Freedom is a pretty strange thing

Freedom is a pretty strange thing. Once you’ve experienced it, it remains in your heart, and no one can take it away. Then, as an individual, you can be more powerful than a whole country. -Ai Weiwei

Right now, Liberty in North Korea is raising funds to rescue 200 North Korean refugees. That might seem like small potatoes against the daunting power of the North Korean state. But I’m gonna go with Ai: freedom is a pretty strange thing.

Last night, at a fundraiser, I spoke for a long time with Joseph Kim. He’s a sweet kid. We talked about North Korea, and we talked about Max Weber and sandwiches and cheap ways to travel. His English is better than it was the first time I met him, and he’s studying hard in school.
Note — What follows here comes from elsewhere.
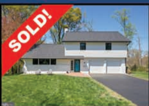
3104 Little Creek Ln | $906,000

He’s just one individual with freedom in his heart. And it makes him powerful. It’s voices like Joseph Kim and Ai Weiwei that the dictators of this world fear most: people who speak the plain truth.

And it’s not that they speak without fear. In Ai Weiwei: Never Sorry, the documentary where Ai spoke about freedom, he admits that he’s afraid — maybe more afraid than most other people, which is why he realizes that he must speak now. He sees the danger of not speaking.

LiNK is working hard to bring 200 more Josephs to freedom. They won’t all do TED talks. Many may choose not to be activists at all — but choice is exactly the point. Given the resources and opportunities of freedom, North Korean defectors might open a kimbap stand together on the outskirts of Seoul, like the mother of a defector friend of mine and a few other defectors. Or they might get degrees in political science at one of Seoul’s top universities, like someone else I know.

But their acts of freedom, large and small, have an impact. They change the way the world sees North Korea and North Koreans. And many North Korean defectors remain in contact with their families back home, sending them money, sending them information — and planting the experience of freedom in their hearts.

If this matters to you, now is an especially good time to give because your funds will be matched. Even small donations make a difference — most of LiNK’s 265 rescues to date have been funded through the efforts of college students who’ve done things like bake sales. Sometimes it can make a difference just to talk to the people around you. Whatever you can do to give the experience of freedom to others, on this issue or somewhere else, please do it. Once you’ve experienced it, it remains in your heart, and no one can take it away.